Istituto di Istruzione Superiore di Lonigo
"Rosselli-Sartori"

 

Il 23 aprile si festeggia la Giornata Mondiale del Libro e del Diritto d’autore,
ricorrenza promossa dall’UNESCO
per la valorizzazione
della lettura
come attività culturale fondamental
nella storia dei popoli e dell’umanità.

La Giornata mondiale del libro e del diritto d’autore coincide con il primo giorno del “Maggio dei libri” (quest’anno dedicato a Dante), la  campagna nazionale che inizia il 23 aprile e si conclude il 31 maggio, e che vuole essere un invito a valorizzare l’eterna fertilità delle idee di cui i libri sono rappresentanti e strumento di diffusione. Il Maggio dei Libri coinvolge in modo capillare enti locali, scuole, biblioteche, librerie, festival, editori, associazioni culturali e i più diversi soggetti pubblici e privati.

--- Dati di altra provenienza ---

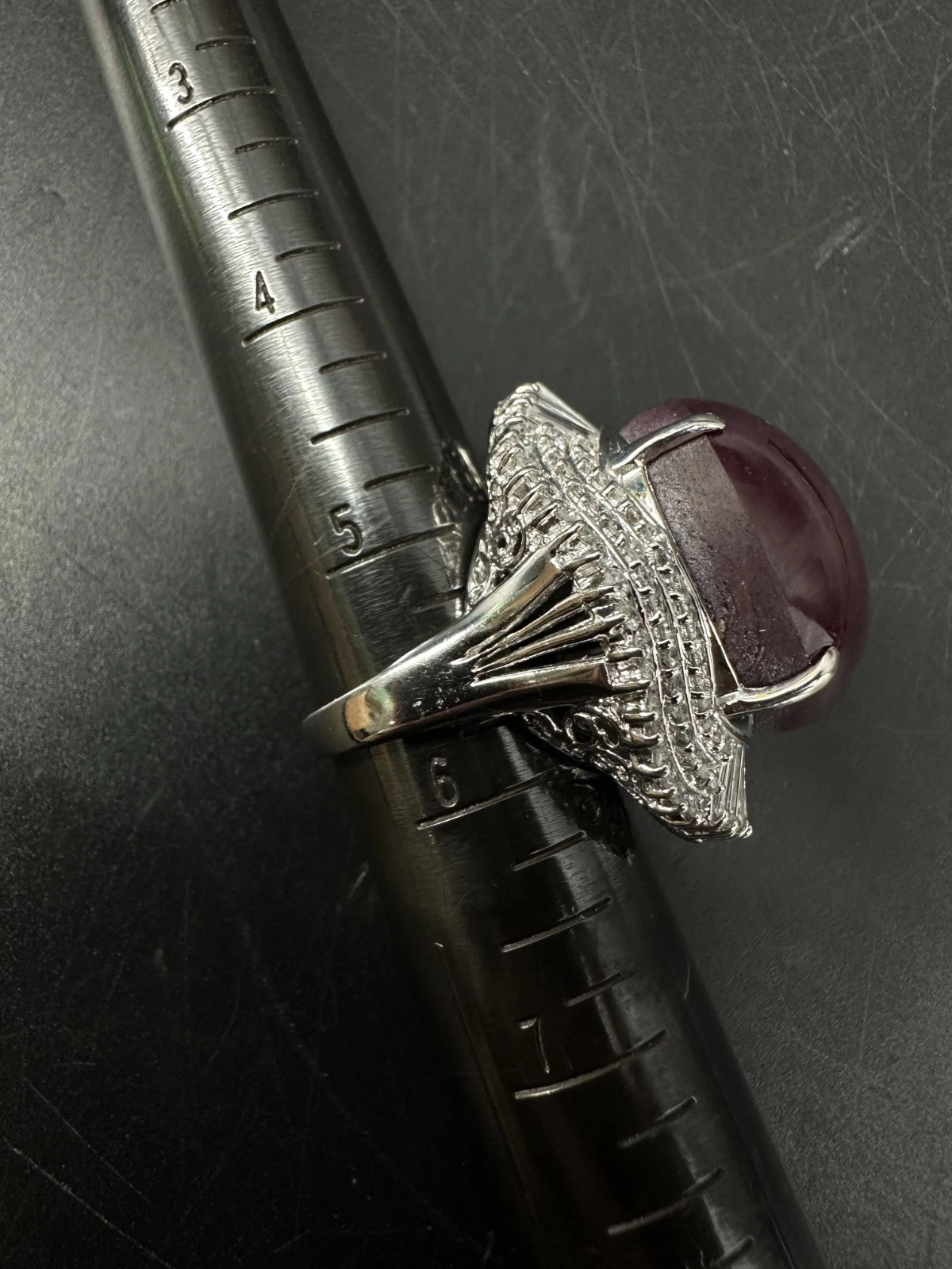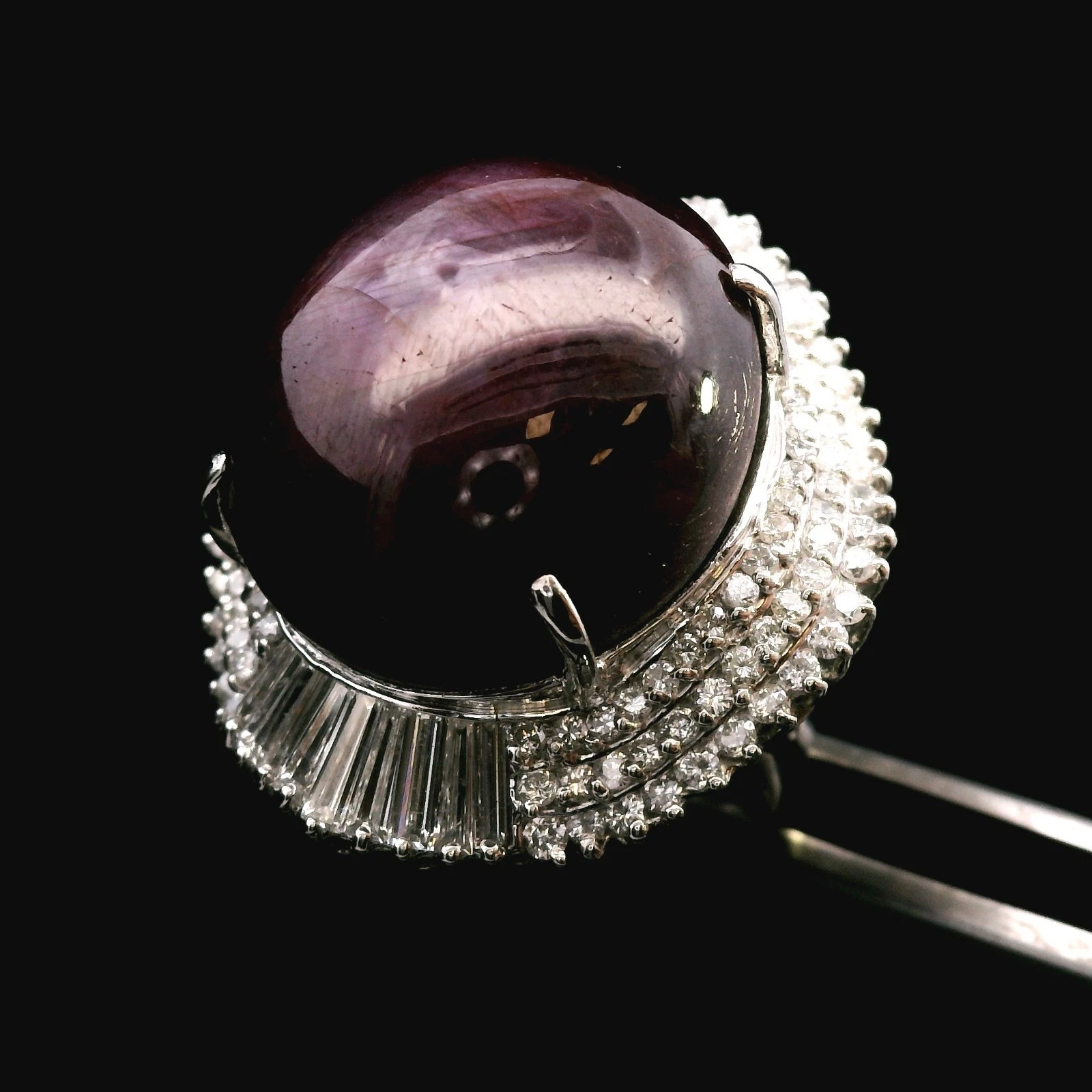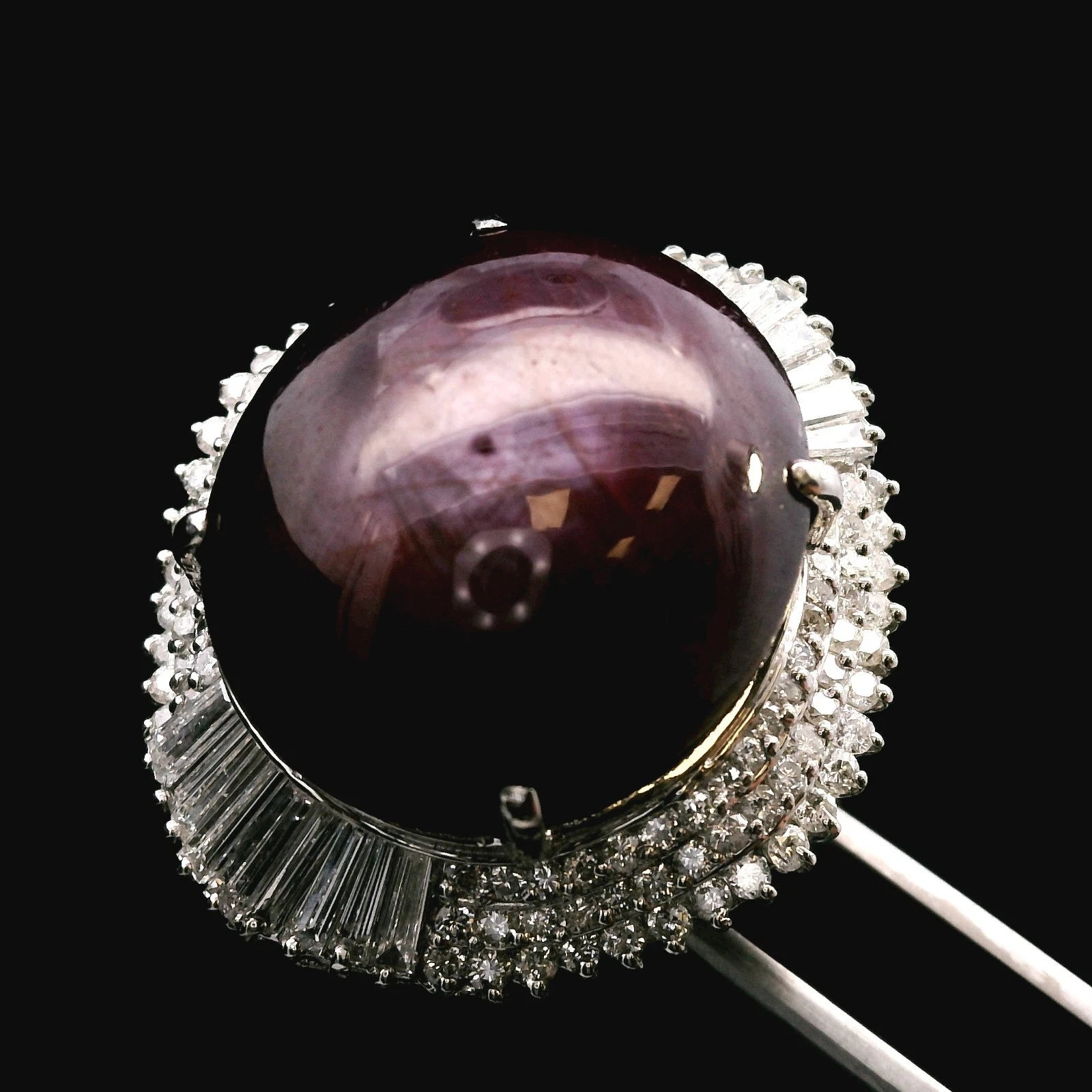 This platinum (.900) ring showcases a breathtaking natural star ruby weighing 54.3 carats, certified by GIA (Report #5232521510). The captivating star ruby is accented with diamonds totaling approximately 2.00 carats, adding brilliance and elegance to this extraordinary piece. Sized at 5.75, the ring offers a secure and comfortable fit while displaying exceptional craftsmanship. With a total weight of 19.10 DWT (29.69 grams), it has a substantial and luxurious feel. This rare and collectible piece includes its GIA certification for authenticity. It comes with a generic jewelry box.

Il libro è in grado di creare contatti tra uomini di epoche e orizzonti differenti e si pone come strumento della libera espressione, contribuendo quindi a costruire e consolidare la comunità umana mondiale e a favorire la causa dei diritti umani.

La Giornata internazionale del libro fu istituita dall’Unesco nel 1996 per promuovere la lettura, la pubblicazione dei libri e la tutela del copyright, viene celebrata il 23 aprile perché giorno in cui sono morti, nel 1616, tre grandi scrittori considerati pilastri della cultura universale: Miguel de Cervantes, William Shakespeare e Garciloso de la Vega.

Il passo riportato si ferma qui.